Yeah, the next post (I think Wednesday or something) I’ll look at how he tells Timothy the do the work of a Gospel Applier.

You know that’s interesting. I’ve been thinking about the idea and Philippians 1:5 came to mind. It says that the Philippians were participators in the Gospel “from the first day until now” (NASB). Is that merely talking about evangelism there, or do you think there is a broader application to being a Gospel participator?

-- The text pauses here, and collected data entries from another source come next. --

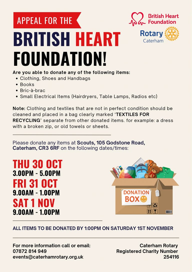 Join the Rotary Club of Caterham in our collection drive to help fund life-saving research into heart and circulatory diseases.
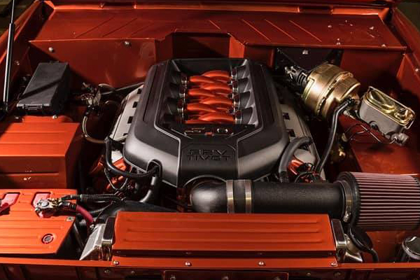 It's powered by a 5 liter Coyote engine with suicide doors, no windows or side frames and capped windows.And of course we’ll talk about the paint with the master with his custom PPG color called “Go Man Go”.
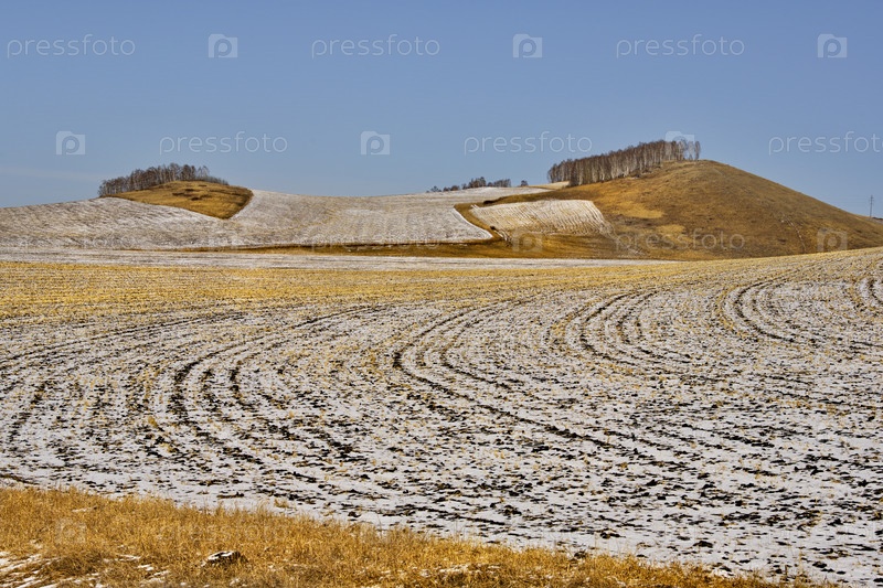 Россия. Красноярский край. Утренний вид на рельефные холмы со скудной растительностью припорошенные последним весенним снегом
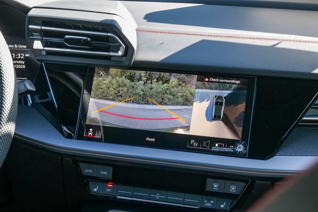 Navigation, Sunroof, All Wheel Drive, Rear Air, Heated Driver Seat, Turbocharged, Premium Sound System, Satellite Radio, iPod/MP3 Input, Onboard Communications System, Keyless Start, Dual Zone A/C, Blind Spot Monitor, WiFi Hotspot, Cross-Traffic Alert. Audi S3 with Mythos Black metallic exterior and Black / Express Red stitching interior features a 4 Cylinder Engine with 328 HP at 5450 RPM*.
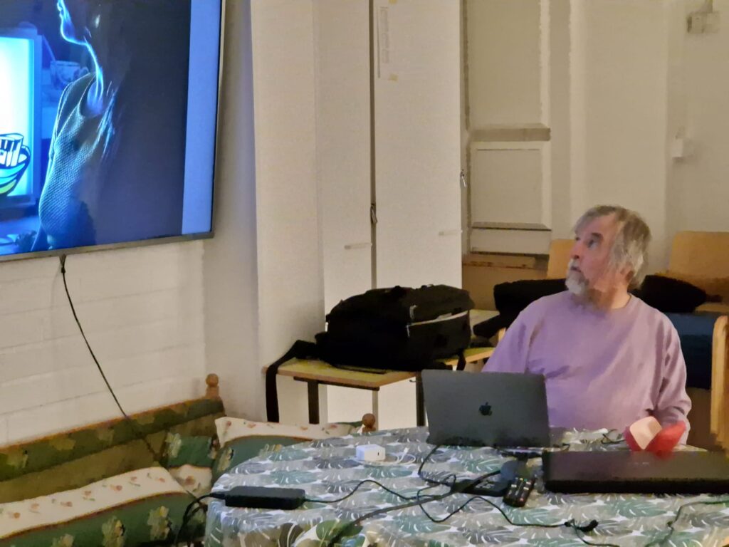 Tiistai-iltana meitä fotoklubilaisia oli kokoontunut pitkälti toistakymmentä henkilöä kuulemaan ensin klubin hallituksen terveisiä tulevasta toiminnasta. Tämän jälkeen valokuvaaja Kari Kuitunen (kuvassa) näytti ottamiaan kuvia. Isossa roolissa kuvissa oli käytetyt tekniikat joita Kari meille avasi. Hän haluaa kokeilla monenlaista kuvaustapaa varsinkin salamalla. Onneksi hän myös paljasti mitä kikkoja mihinkin kuvaan oli käytetty.

Oh totally broader application to being a Gospel participator than mere evangelism. Paul’s view of corporate solidarity is pretty amazing. So, for example, he’ll say in Colossians that his current sufferings are filling up the remainder suffering of Christ. This is a similar thing going on in Philippians where the church at Phillipi has been active in the Gospel with Paul not only in preaching but in suffering. So their gift (which costs them something) is active participation in grace. Their tears as Paul is in prison, is the pain of a body that is feeling it throughout the members: and that body is Christs. They’re living the Gospel with Paul in which Christ was to suffer in his body: and that suffering continues (in some sense) with the persecution of the Church promised by Christ himself.

So it’s mind-blowingly huge when Paul points that out. It’s as if their lives and Paul’s are cross-shaped because of their solidarity with Paul in Christ. HUGE! And extremely great observation.